_PROVIDED DATA_:
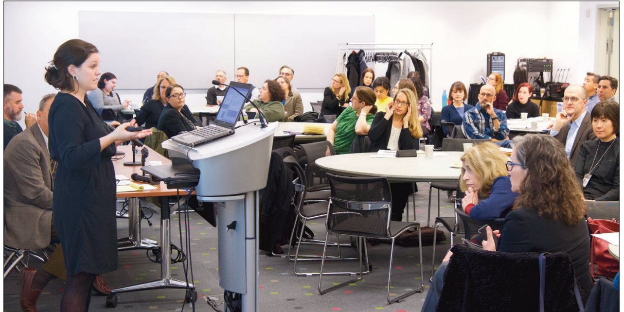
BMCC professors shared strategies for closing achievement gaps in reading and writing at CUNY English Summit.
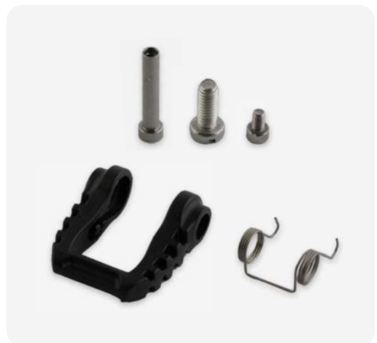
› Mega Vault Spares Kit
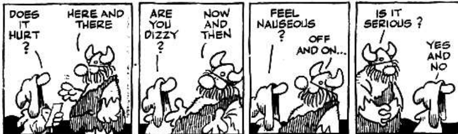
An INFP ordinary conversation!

_PROBLEM STATEMENT_: For this exercise, transcribe exactly only the lines from the one containing "Vault Spares Kit" through the end of the listing, inclusive, without the pictures.

_EXERCISE RESPONSE_:
› Mega Vault Spares Kit
An INFP ordinary conversation!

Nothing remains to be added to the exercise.